Thursday 15 June 2023

The Little Owl story continues

There was a lot of activity around the Little Owls' tree at the Round Pond. At our first visit the owl was out of sight, driven into the hole by a Magpie on the nest tree.


Then a Hobby flew out of a nearby tree, and Tom got a good picture of it. (I didn't -- I was having camera trouble.)


I've had a report of conflict between a Hobby and a Kestrel here. I'm pretty sure the Hobby pair are nesting outside the park this year, as I have been visiting this place daily and haven't heard the distinctive fast 'ki-ki-ki' call of a Hobby, though I have heard the slower and lower pitched call of a Kestrel several times. I think the Hobby had come into the park to hunt dragonflies, and Swifts if there were any, which there weren't today.

We came back later. Carefully approaching from a distance, we saw an owlet looking out of the hole. It went back in before we got any nearer.

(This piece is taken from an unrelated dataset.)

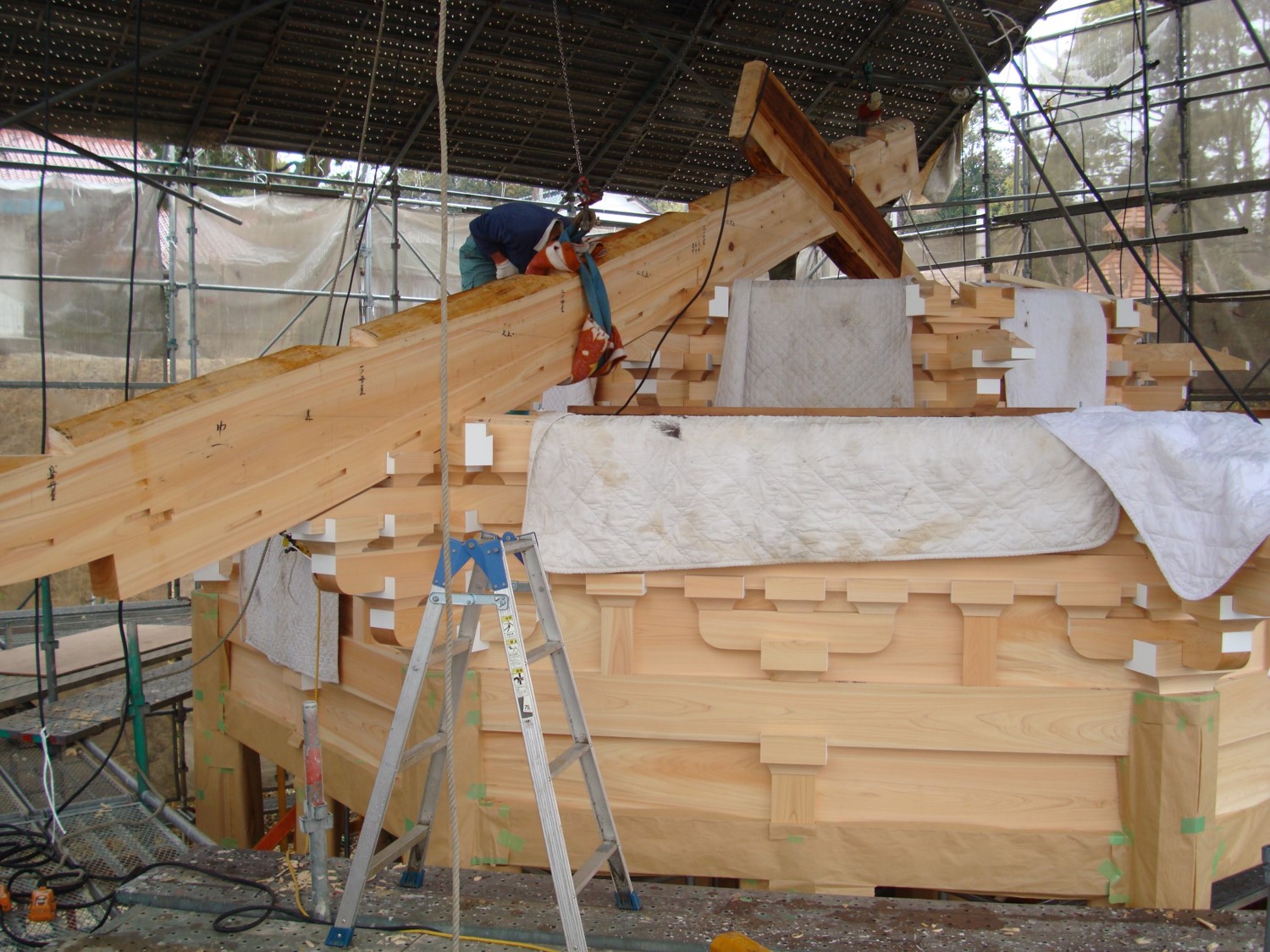 La raison de conservation de biens culturels et le devoir du gouvernement, l'entité publique locale est déclarée dans l'Article 3 de la Loi pour la Protection de Cultural Properties. Aussi bien qu'en construisant et la technique lui-même, je ne peux pas manquer l'existence de la forêt fournissant du bois qui est nécessaire pour eux pour supposer une telle conservation une chose réelle. Je l'introduis je me suis senti par un exemple de réparation si la longue forêt qui passe le temps et aborde un grand arbre de diamètre appelé 300 ans continue à jouer toujours le rôle depuis 200 ans.

The male little Owl had been hunting in the daytime, something he would do only to feed chicks as he is very shy of people and dogs when on the ground. Tom got a picture of him with what looks like a beetle on a branch of the nest tree.


The owl was not at all pleased to see us and shouted angrily from a horse chestnut. He will usually tolerate me when I come alone, but several people alarm him.


Otherwise it was an uneventful day, but there was plenty of ordinary life to see. A Wren sang on a post beside the Long Water.


A young Robin basked in the sunshine in a flower bed in the Flower Walk.


Near the leaf yard a Blackbird preened on a twig ...


... and a Chaffinch and a Greenfinch looked at each other in a treetop.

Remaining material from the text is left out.